WHAT TO PRODUCE: Where the data below begins, start retyping exactly, and end on the line with "Selling IKEA Poang", which is included; no picture goes in.

SUPPLIED DATA:
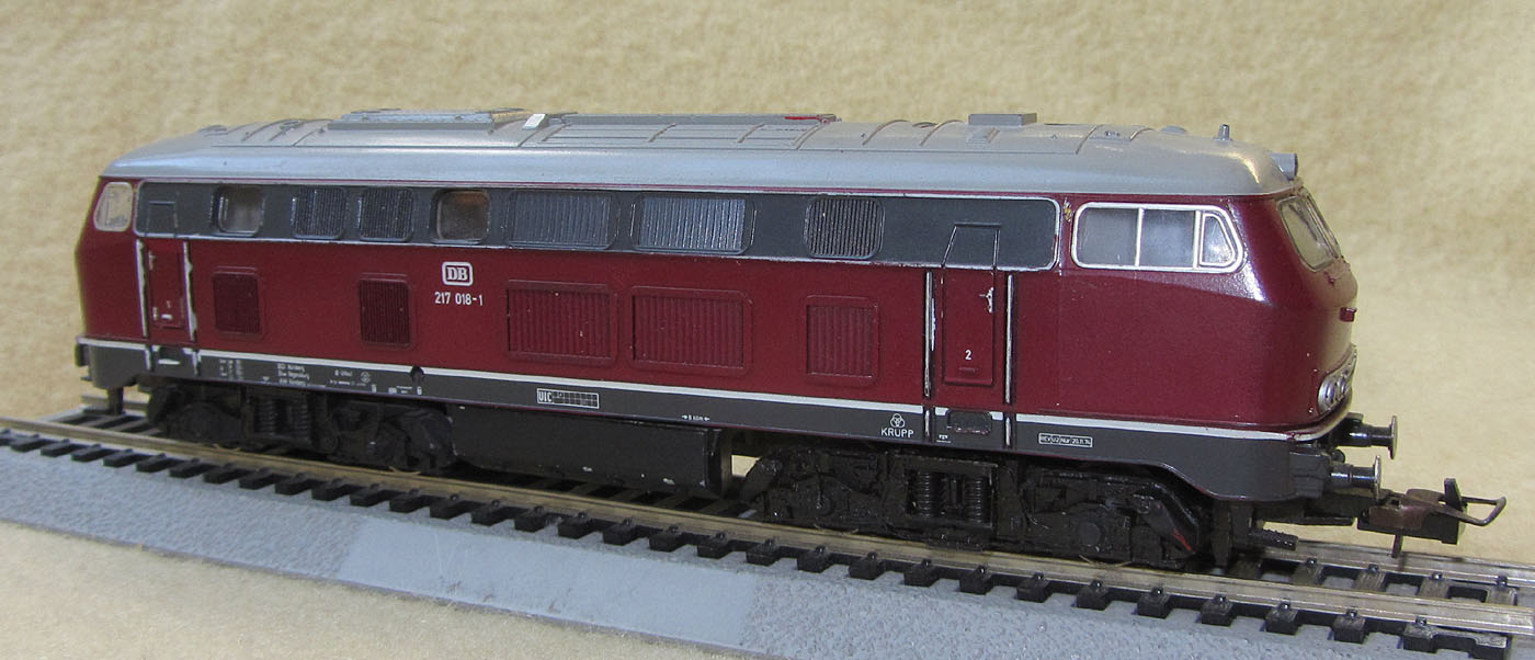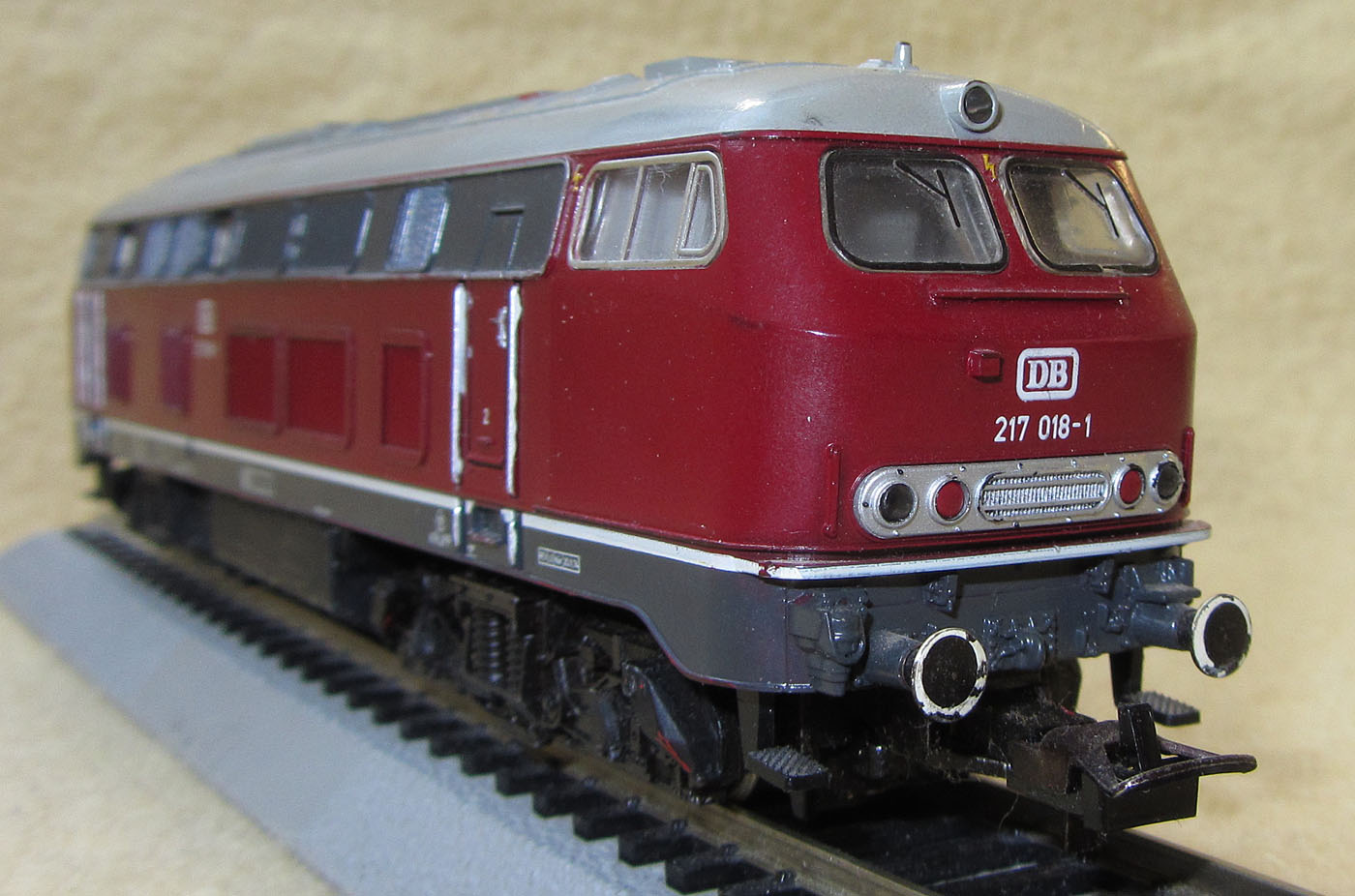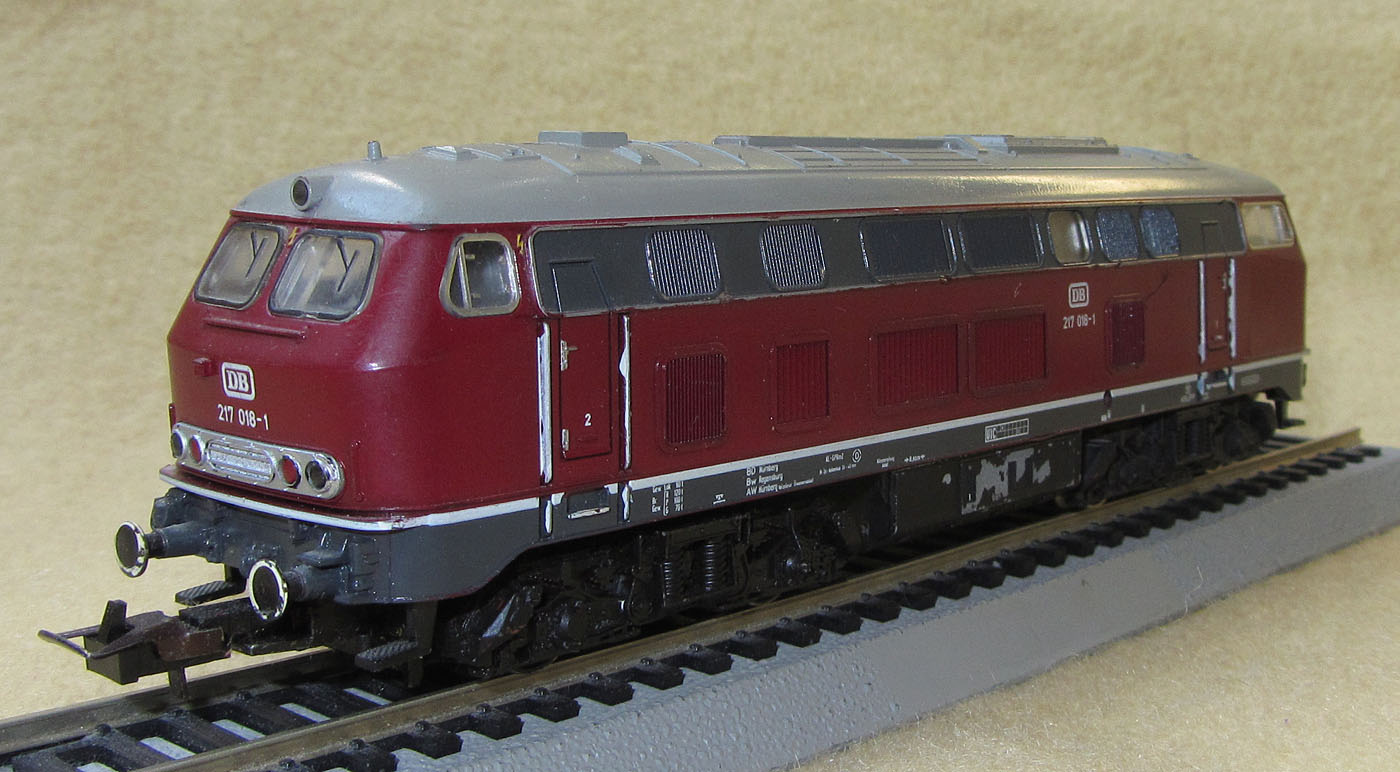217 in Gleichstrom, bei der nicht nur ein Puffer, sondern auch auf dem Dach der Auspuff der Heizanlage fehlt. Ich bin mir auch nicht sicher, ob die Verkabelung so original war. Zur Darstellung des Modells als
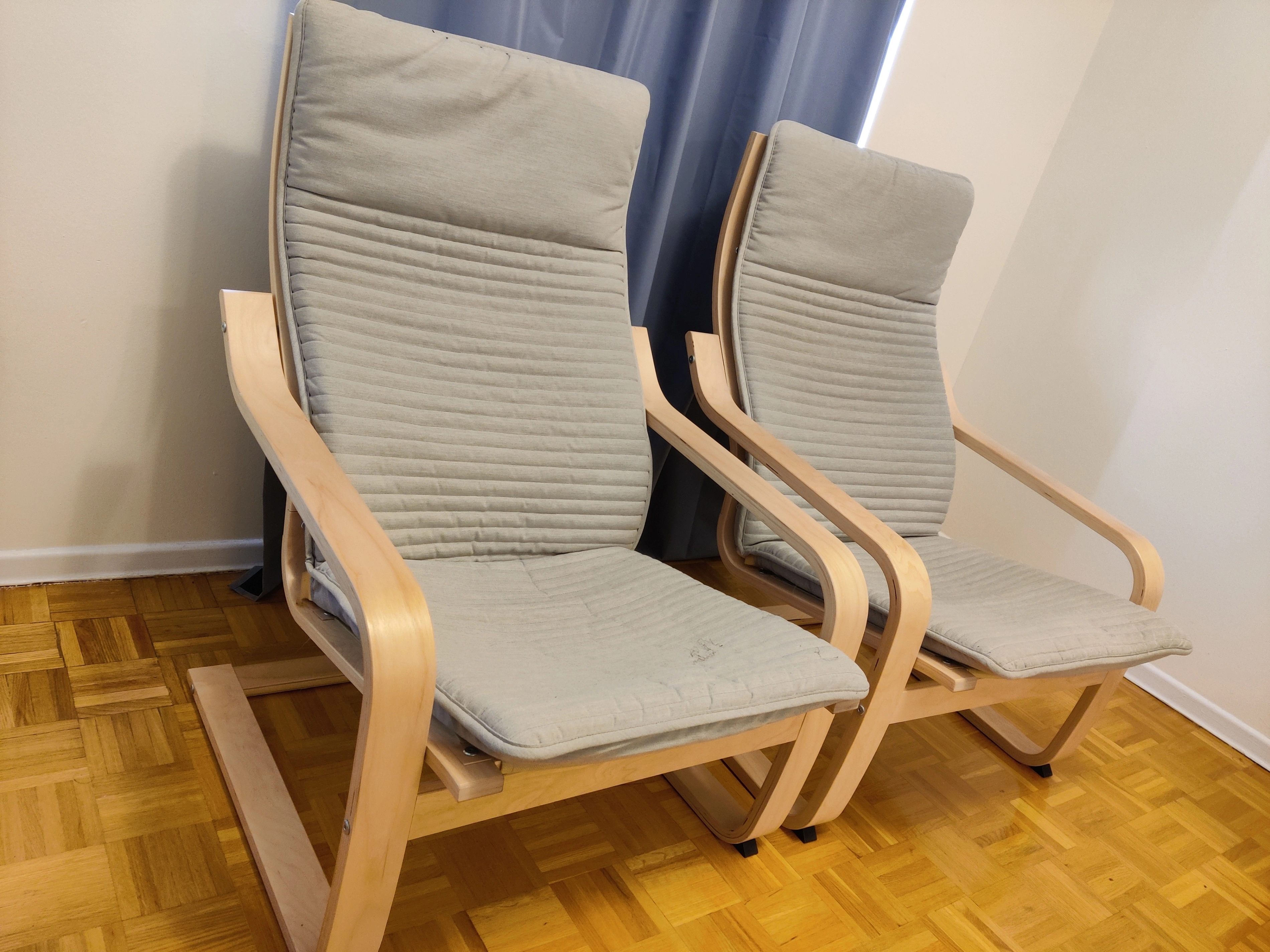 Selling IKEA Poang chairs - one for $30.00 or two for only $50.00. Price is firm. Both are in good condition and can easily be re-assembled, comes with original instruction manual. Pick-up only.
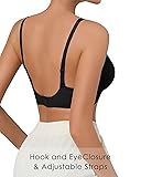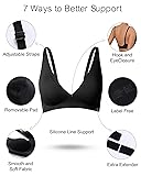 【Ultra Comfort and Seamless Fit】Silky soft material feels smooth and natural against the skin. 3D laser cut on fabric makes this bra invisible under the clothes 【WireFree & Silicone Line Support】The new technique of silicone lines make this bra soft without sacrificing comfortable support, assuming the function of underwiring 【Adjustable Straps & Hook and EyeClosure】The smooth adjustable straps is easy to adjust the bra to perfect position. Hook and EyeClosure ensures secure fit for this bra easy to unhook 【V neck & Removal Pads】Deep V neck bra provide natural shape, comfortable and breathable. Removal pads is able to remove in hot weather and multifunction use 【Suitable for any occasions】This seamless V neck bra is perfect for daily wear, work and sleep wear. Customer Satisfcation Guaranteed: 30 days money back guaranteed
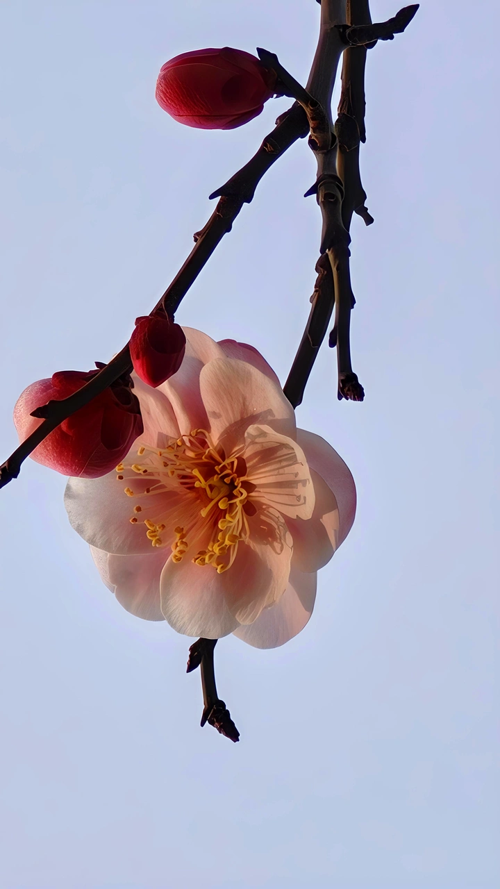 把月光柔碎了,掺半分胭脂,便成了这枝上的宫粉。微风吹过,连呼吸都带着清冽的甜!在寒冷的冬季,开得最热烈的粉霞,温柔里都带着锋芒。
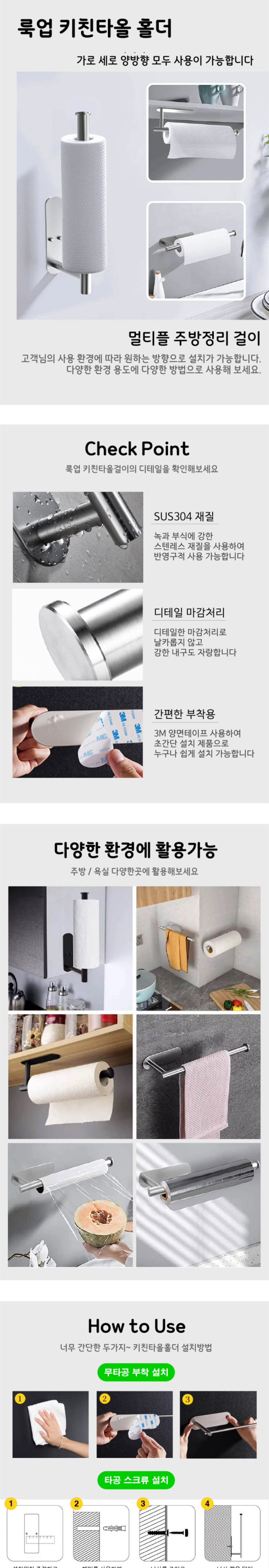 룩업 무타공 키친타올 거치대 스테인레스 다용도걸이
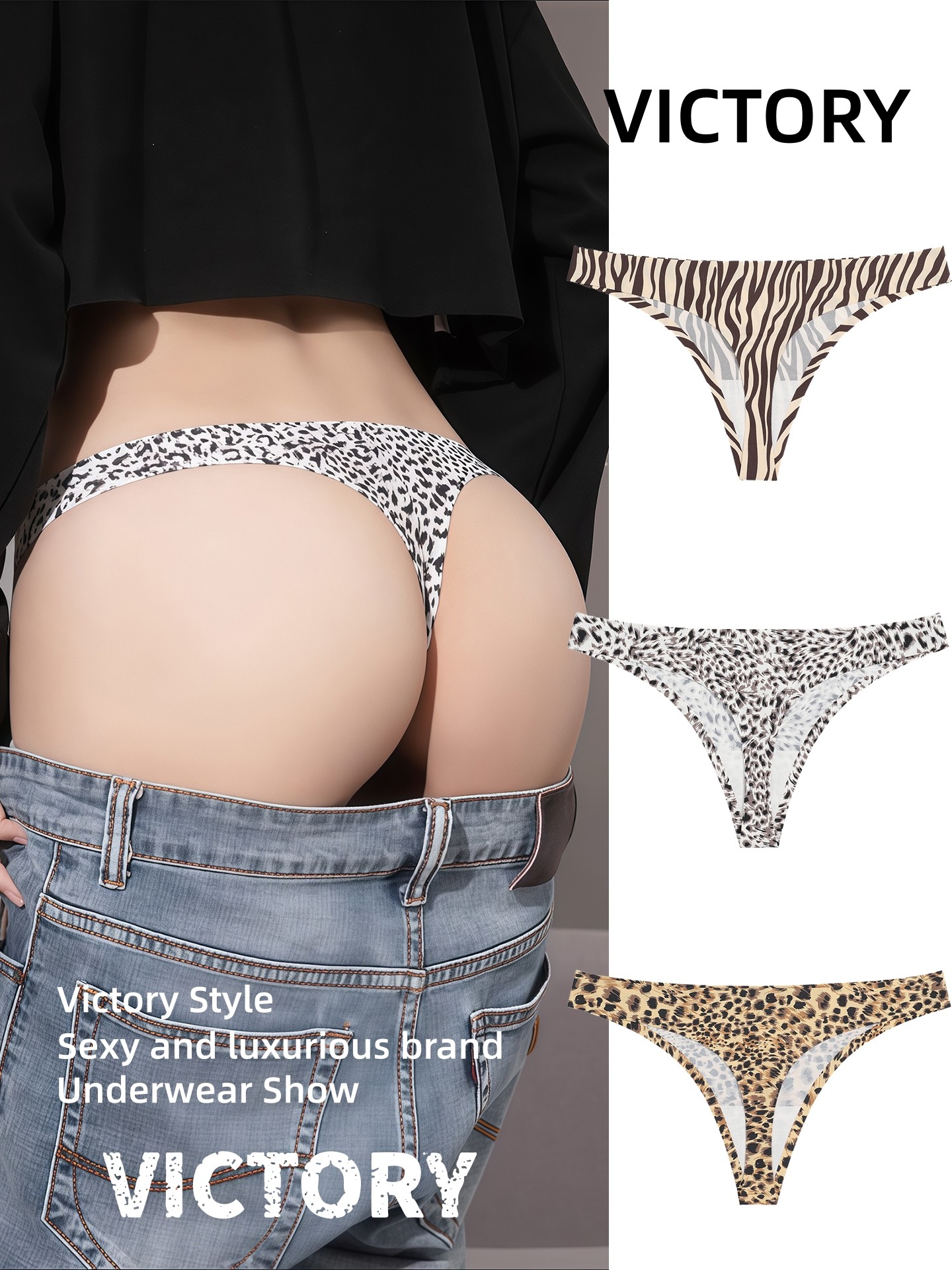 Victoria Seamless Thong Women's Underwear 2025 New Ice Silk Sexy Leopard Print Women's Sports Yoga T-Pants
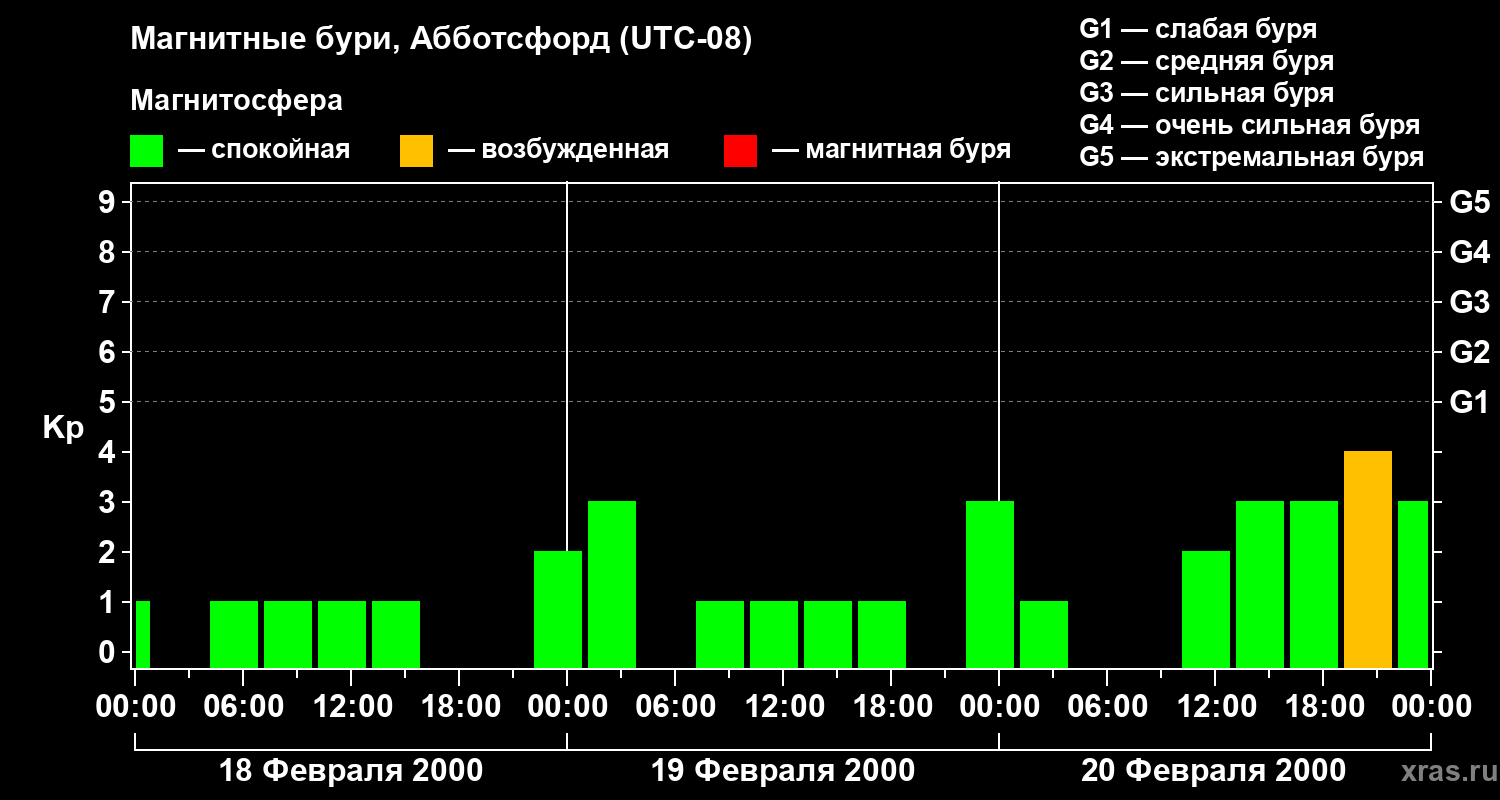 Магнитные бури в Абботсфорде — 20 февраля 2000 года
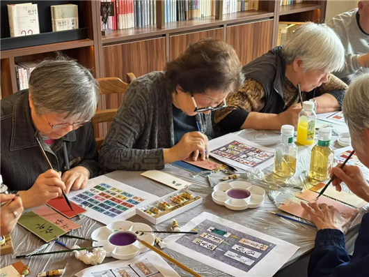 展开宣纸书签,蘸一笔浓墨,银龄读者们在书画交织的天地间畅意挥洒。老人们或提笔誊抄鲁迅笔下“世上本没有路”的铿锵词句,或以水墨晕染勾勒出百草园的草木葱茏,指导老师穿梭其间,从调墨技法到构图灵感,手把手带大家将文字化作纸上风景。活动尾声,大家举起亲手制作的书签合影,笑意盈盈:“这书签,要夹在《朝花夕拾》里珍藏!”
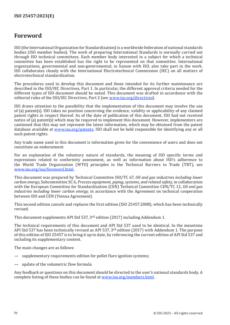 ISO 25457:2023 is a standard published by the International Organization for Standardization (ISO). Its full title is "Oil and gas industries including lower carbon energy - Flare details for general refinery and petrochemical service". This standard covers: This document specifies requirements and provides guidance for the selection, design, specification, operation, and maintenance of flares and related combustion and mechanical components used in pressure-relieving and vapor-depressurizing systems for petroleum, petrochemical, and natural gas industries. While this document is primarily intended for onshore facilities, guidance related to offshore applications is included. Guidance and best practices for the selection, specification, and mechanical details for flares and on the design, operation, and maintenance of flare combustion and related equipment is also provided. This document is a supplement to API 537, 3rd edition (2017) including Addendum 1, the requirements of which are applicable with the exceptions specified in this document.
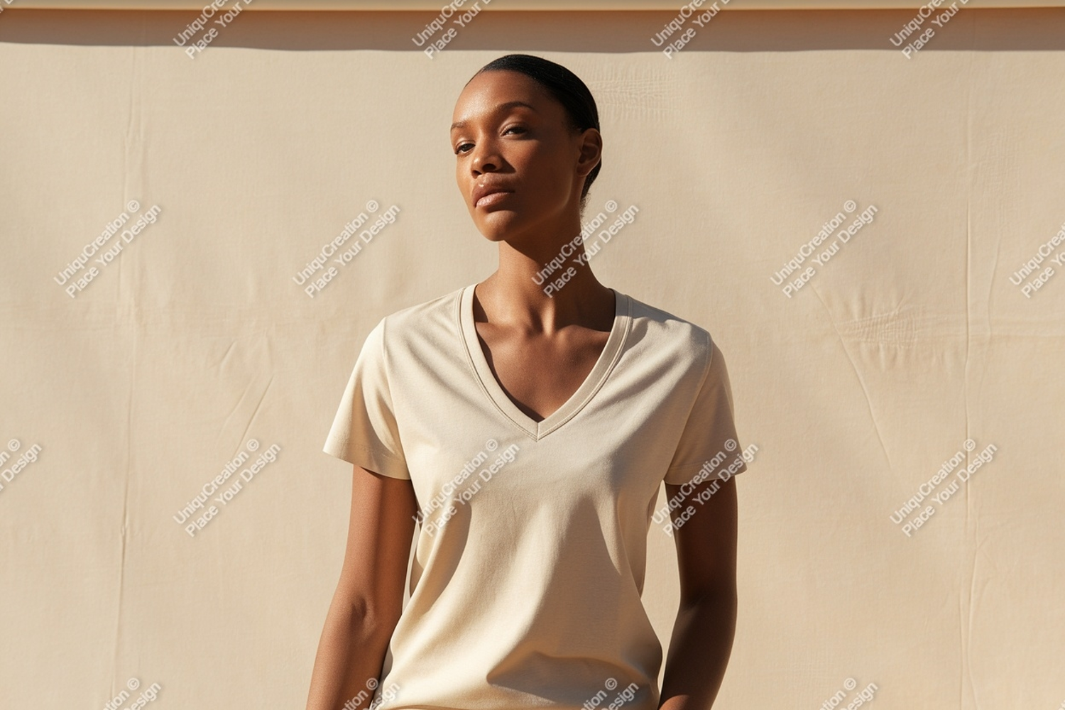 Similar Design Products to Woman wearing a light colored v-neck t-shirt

ANSWER SECTION:
217 in Gleichstrom, bei der nicht nur ein Puffer, sondern auch auf dem Dach der Auspuff der Heizanlage fehlt. Ich bin mir auch nicht sicher, ob die Verkabelung so original war. Zur Darstellung des Modells als
 Selling IKEA Poang chairs - one for $30.00 or two for only $50.00. Price is firm. Both are in good condition and can easily be re-assembled, comes with original instruction manual. Pick-up only.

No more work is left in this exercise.